Gross rainfall, net rainfall and stemflow were measured in a mixed deciduous woodland in southern England over a period of 14 months. Continuous measurements of standard weather data and momentum and sensible heat fluxes between the forest canopy and the atmosphere accompanied the investigation. The gross rainfall was corrected for catch losses due to high turbulence. Reliable net rainfall data were obtained from a combined application of simple storage gauges and troughs connected to automatic tipping bucket gauges. The evaporation rates from the wet canopy were calculated with the Penman–Monteith equation using the measured aerodynamic conductance to the momentum flux and, additionally, with the eddy covariance energy balance approach. Both methods agreed in the observation that the average wet canopy evaporation rate was slightly higher in the leafless period, due to higher wind speeds and the different aerodynamic properties of the canopy. Together with the lower average rainfall rate this counterbalanced the reduced storage capacity of the leafless canopy and maintained a relatively high interception loss throughout the year being 29% of the gross rainfall in the leafed period and 20% in the leafless period. The analytical sparse canopy rainfall interception model of Gash et al. [Gash, J.H.C., Lloyd, C.R., Lachaud, G., 1995. Estimating sparse forest rainfall interception with an analytical model. J. Hydrol. 170, 79–86] was parameterised, for the first time, for a mixed deciduous woodland. Separate parameters were derived for the leafed and the leafless canopy. The model explained the seasonal variability in the interception loss very well and is a suitable tool to analyse and predict this important component of the annual water balance of deciduous forests.

Introduction

The rainfall interception loss (Iloss) of forested areas is an important process in the catchment water balance and has been the subject of many studies. Expressed as a percentage of gross rainfall (PG) the magnitude of Iloss varies strongly with forest structure, forest size and climate. Many of the earlier studies were carried out in forests in temperate regions, often in monospecific plantations, and reported Iloss totals between 25 and 50% in coniferous forests (Rutter et al., 1975, Gash et al., 1980, Johnson, 1990) and between 10 and 35% in broadleaved forests (Rutter et al., 1975, Rowe, 1983, Nizinski and Saugier, 1989). Due to temporal variations in the duration, frequency and magnitude of rainfall events, as well as in the evaporation rate, there are large seasonal and interannual variations in the fraction of intercepted rainfall within a site. Leyton et al. (1967) were among the first authors to point out the need to distinguish between climatic and structural factors when interpreting the interception loss. This motivated the development of various types of models which replaced the use of simple percentage values with physically more consistent estimation procedures of the interception loss from the gross rainfall (e.g. Rutter et al., 1971, Gash, 1979, Calder, 1986, Gash et al., 1995). Most widely and successfully used is the analytical model of Gash (1979) which requires daily rainfall data and site specific parameters such as the ratio of the average evaporation rate (E¯) to the average rainfall rate (R¯) for wet canopy conditions, the interception storage capacities of the canopy (S) and the tree trunks (St) and the fractions of the rainfall falling through gaps in the canopy (p) and being diverted to the trunks (pt). Once derived these parameters allow a reliable estimation of Iloss from PG and remove the need for continuous monitoring of the net rainfall. A small modification of the model made by Gash et al. (1995) also allows it to be used for sparse canopies.

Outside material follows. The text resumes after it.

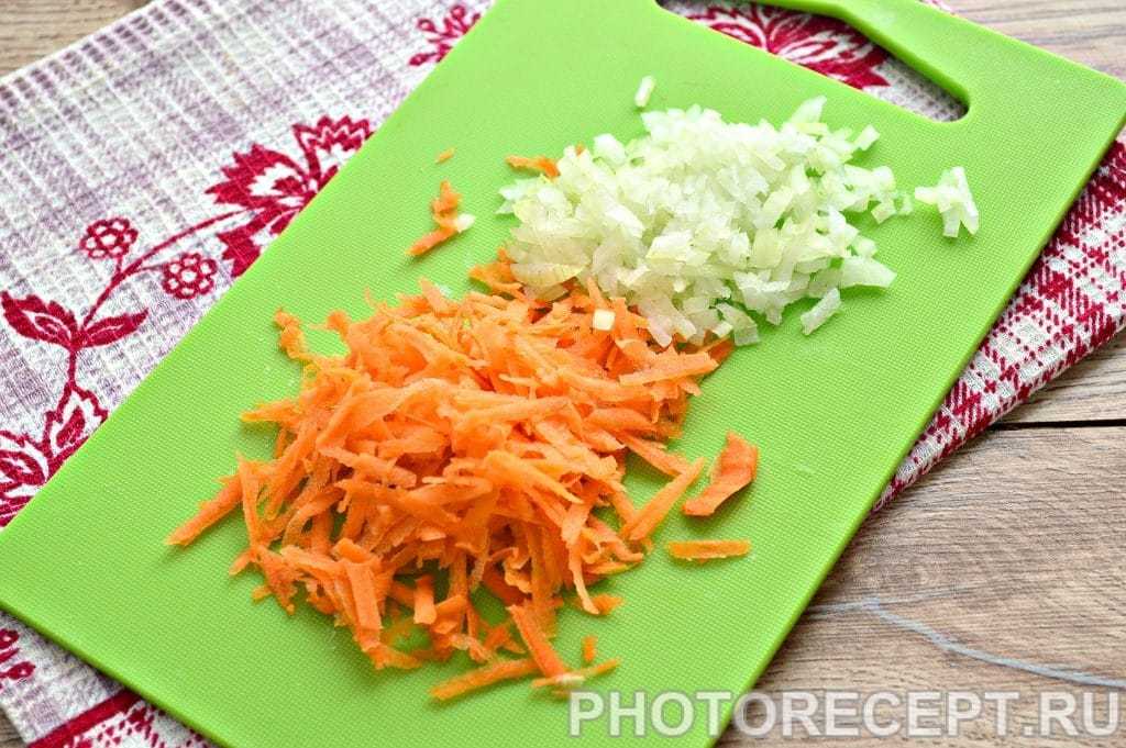 Очистите остальные овощи. Измельчите их следующим образом: морковку натрите, а репчатый лук мелко нарубите. Параллельно налейте на сковороду растительное масло и разогрейте его.

Since the interception loss is calculated as the difference between two large numbers (gross and net rainfall), even a small fractional uncertainty in either of them can generate large errors in Iloss. To reduce such errors, attempts have been made to correct PG collected with elevated raingauges for potential losses in the catch due to locally increased turbulence (Rodda and Smith, 1986, McJannet et al., 2007) or to achieve a higher spatial representativeness of the net rainfall measurements by increasing the number of raingauges, moving them to new positions at regular intervals (Aussenac, 1968, Gash and Stewart, 1977, Lloyd and Marques, 1988, Holwerda et al., 2006) or using very large collectors (Calder and Rosier, 1976, Cuartas et al., 2007). These corrections are particularly relevant for deciduous forests in temperate regions that face large seasonal changes in canopy structure and weather patterns and often grow on sites which are not ideal for micrometeorological and hydrological measurements. For example, many of those woodlands are managed as continuous cover forestry and have no clearings where PG could be measured in a sheltered environment. All this causes large uncertainties in the determination of both PG and Pnet and the few attempts to derive structural parameters from the measured interception loss of temperate deciduous forests have been inconclusive (Halldin et al., 1984, Dolman, 1987, Hörmann et al., 1996) or restricted to the growing season only (Carlyle-Moses and Price, 1999, Price and Carlyle-Moses, 2003). Another problem is the notoriously difficult determination of the evaporation rate from the wet canopy (Stewart, 1977, Gash et al., 1999, Van der Tol et al., 2003, Herbst et al., 2006) which is often unrelated to the net radiation and has a strong influence on the interception loss (Gash et al., 1999). In mixed deciduous forests the spatial heterogeneity in the evaporation rate and the seasonal change in the canopy structure complicates the situation. This also means, in a more general sense, that a better description of the hydrological processes in such forests is needed.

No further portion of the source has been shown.